"'Nelly Dumany! Dumany Nelly!' he said," cried my drummers—"Nelly" being an abbreviation of Kornel, my Christian name—and since the "Du meine" really sounded like "Dumany" and not at all like "Belacsek," the candidate of the other party, and since the dead man could not be made to repeat his vote, whereas my drummers were ready to take their oath of the correctness of their assertion, the vote was credited to me, and I was declared elected by a majority of one vote, my suffrages being 1,501 in number, whereas my adversary had received only 1,500.

The case was afterward contested, and some witnesses endeavoured to prove that the dying man had not said, "Dumány Nelly," but "Du mein liebe"; yet there was the sworn statement of my drummers to the contrary, as well as the evidence of his wife and children that the man had been a devout and religious Jew, incapable of offending Jehovah by uttering German words with his last breath. He had simply pronounced my name in Jewish fashion, and eased his patriotic heart by voting for me. Itzig Maikäfer's vote was as sound as a nut and could not be rejected.

Not quite so sound, however, was the other dead man's vote—that of Tóth János, the potter. We had sent his substitute, the poultry-dealer, with a cartload of odds and ends to Galicia, just to have him out of the way. We managed to make it difficult to prove which of the two men named Tóth János had been buried two days before election-day by providing for the dead man's family, and sending them off to a remote place; and as the poultry-dealer (who was a widower without any family) did not return from Galicia for many weeks to come, everything seemed secure. But we had reckoned without our host, and did not take into consideration a possible treachery. The barber, a miserable wretch, whom we thought to be a true red-feather man, and who had been more than liberally paid for extracting the poultry-dealer's front teeth, and trimming his hair and beard into the semblance of those of the dead potter, went and blabbed of his work. A strict examination followed, the body of the potter was exhumed, and his identity proved to a certainty. Of course, no one dared to accuse me of foul play, but a new election was found necessary, and the day after I had first taken my seat as a member of the Hungarian Parliament, I was politely but firmly given to understand that I had no legal right to its possession, and had better go. This is the story of how I became to be called "the dead man's representative," and how I was a colleague of yours for a single day.

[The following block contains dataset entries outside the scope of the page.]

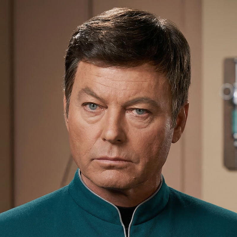 | Physical Description | Doc is an exact facsimle of Dr Leonard McCoy, circa 2267. True to the stubborn nature of his original basis, he has refused to update his uniform since his preferred variety was phased out in the 2380's. |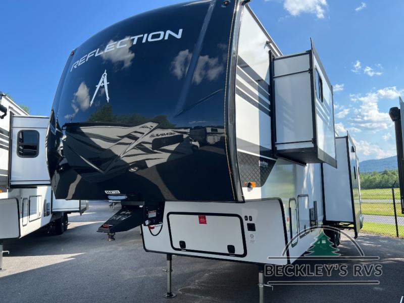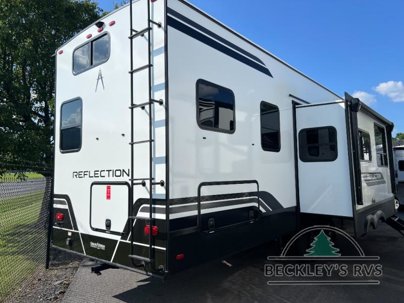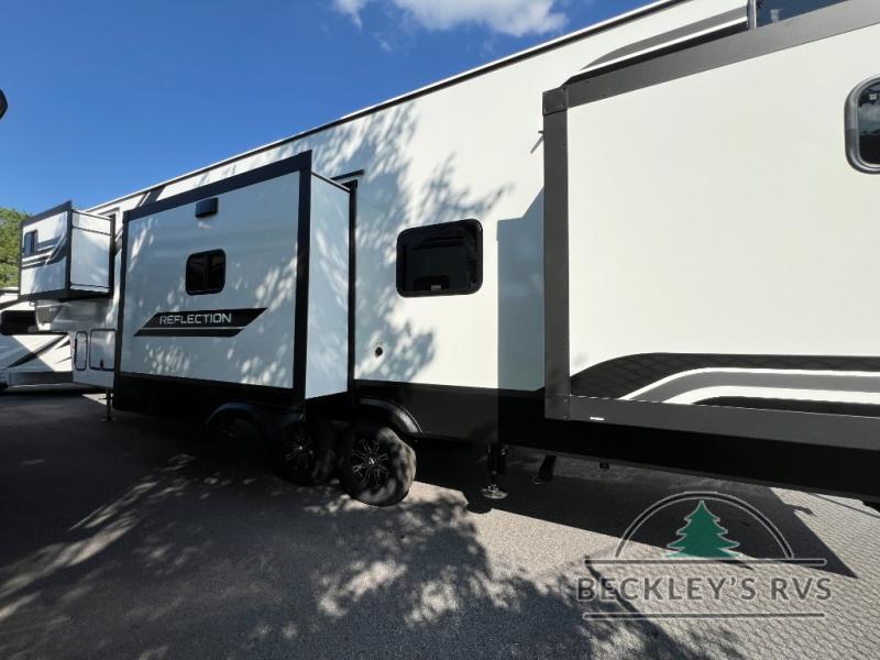 With any Reflection fifth wheel by Grand Design, you will have a solar panel for off-grid camping and a 60 amp charge controller and inverter prep, a Universal All-In-One docking station, unobstructed pass-through storage, and Goodyear Endurance tires. Each is constructed of gel coat exterior sidewalls, residential 5" truss rafters, walk-on roof decking, a fiberglass and radiant foil roof and front cap insulation plus laminated aluminum framed side walls, roof and end walls in slide rooms. Head inside to enjoy residential hardwood cabinet doors, premium Congoleum flooring, a spacious shower with a glass door, and many more comforts!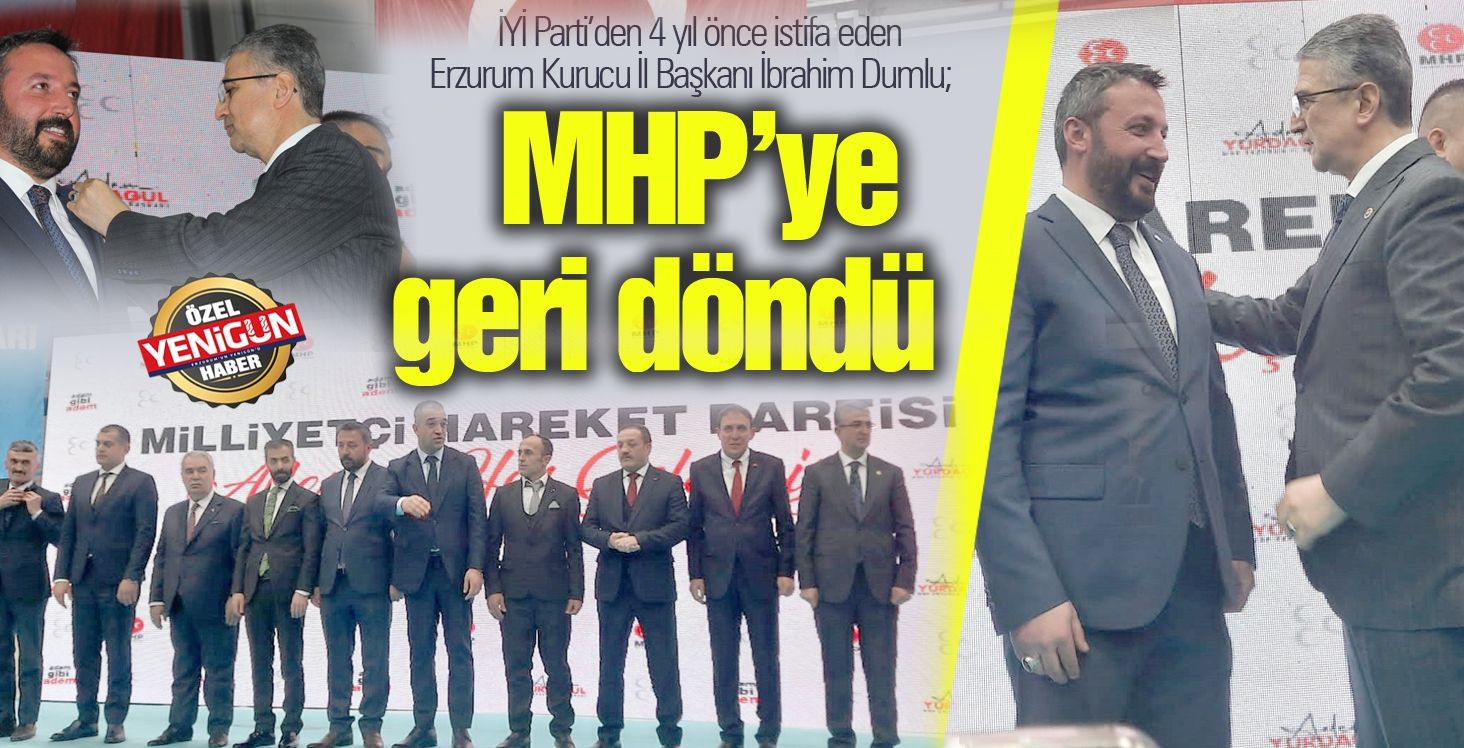İYİ Parti’nin Erzurum’daki Kurucu İl Başkanı olan İbrahim Dumlu, yuvaya resmen geri döndü. Beraberindeki 300 kişi ile birlikte MHP saflarına resmen katılan İbrahim Dumlu, 2019 yılında istifa etmiş ve istifasının hemen ardından siyaseten tüm desteğini Cumhur İttifakına vereeğini açıklamıştı. Dumlu’nun MHP’ye dönüş rozetini ise, Genel Başkan Yardımcısı Prof. Dr. Kamil Aydın taktı. Recep Tayyip Erdoğan Fuar ve Kongre Merkezi’ndeki aday tanıtım toplantısında gerçekleştirilen katılım, Ülkücü camiada büyük memnuniyet uyandırdı.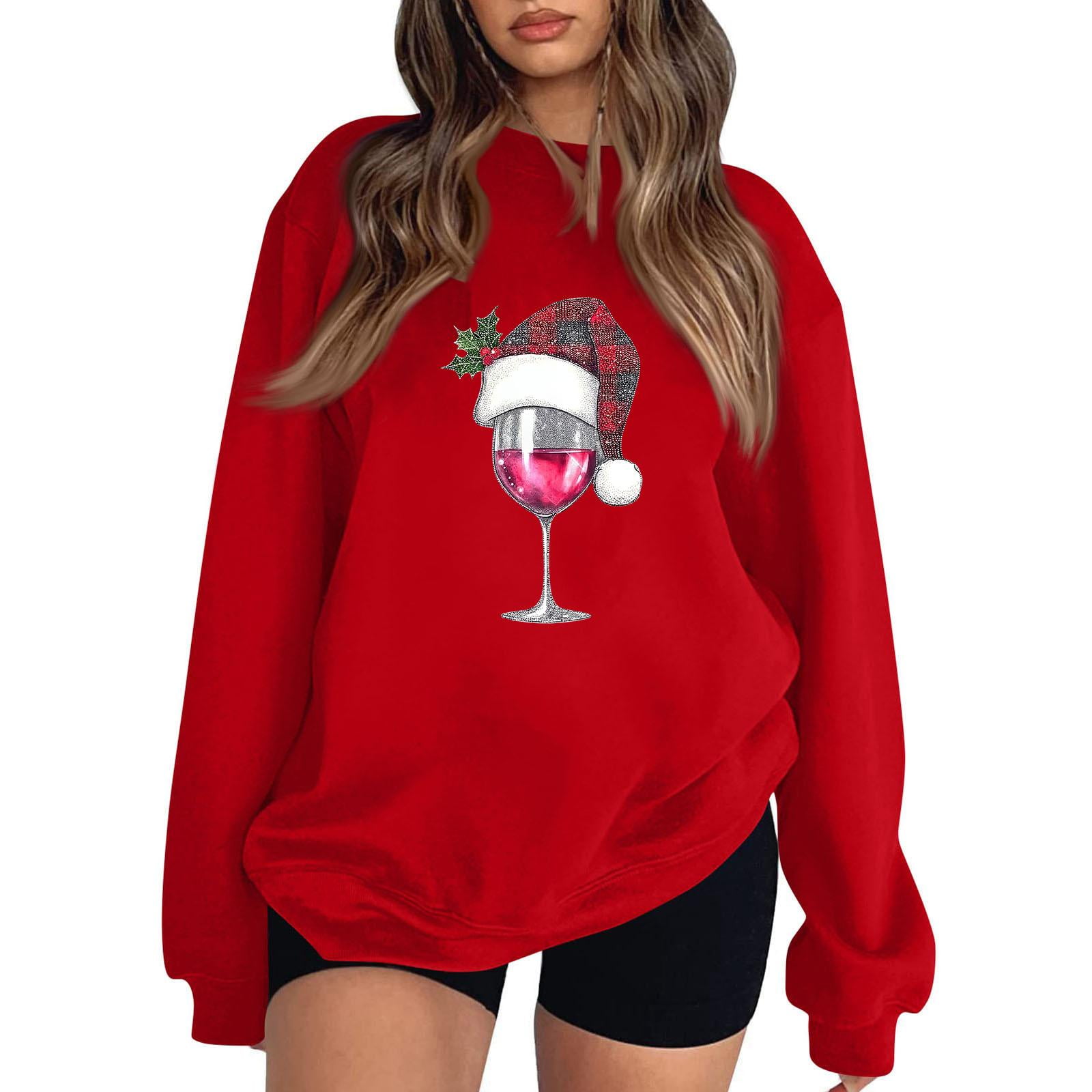 Christmas Sweatshirts for Women 2025 Tops Red Wine Glass Ugly Shirts

Yet this story I have told you cannot give anyone a fair or true estimate of me, or my character, or ability. Anybody who heard or read this story would suppose me to have been a vain, good-for-nothing sort of fellow, who had missed his degree at college and lacked the ability to fill any decent position, and therefore plunged into politics to make his living, or perhaps to squander the inheritance he had received from his ancestors. But, in reality, I had already, at the age of six-and-twenty, occupied the position of a well-qualified assistant physician, and at two-and-thirty the newspapers spoke of me as a famous specialist and a great light of the profession. As I was established in Vienna, where the competition is great, and Hungarians are pushed into the rear if possible, my reputation could not have been without some foundation at least. I was respectable and respected, very much in love with my profession, and did not care a straw for politics. So, in order to make you understand the change—nay, the entire revolution—which my outward and inward man, my entire existence, had experienced, I must acquaint you with a portion of my family troubles and domestic relations, and I shall have to speak of my Uncle Diogenes.


VIII.

MY UNCLE DIOGENES.

First of all, I must inform you that my father was a very zealous patriot, and mingled largely in state and political affairs. Of course, in the great insurrection of the year 1848 he took an active share, and after the catastrophe of Világos he was seized and imprisoned at Olmütz. At that time I was a lean, overgrown youngster of sixteen. I was compelled to take charge of the household, and behave as head of the family, for which dignity I had no inclination and but little talent. Study was the great object of my life. After my father's release from prison I was just of an age to decide as to my future career; but that, at the time, was rather a difficult thing for a Hungarian youth, all offices and positions being filled by Germans and Bohemians. I did not wish to follow in my father's footsteps, for I saw that what with his neglect of business matters, what with his liberality in furnishing all patriotic enterprises out of his own pocket with the necessary means, and in extending a wide hospitality to all political refugees, our own circumstances were getting worse and worse, and we were deeply in debt.

So one day I took courage to speak to my father upon the subject, and told him that I thought it was time for me to select a profession.

"Oh! you are going to hunt for some paltry office in the district courts?" he said, with a snarl.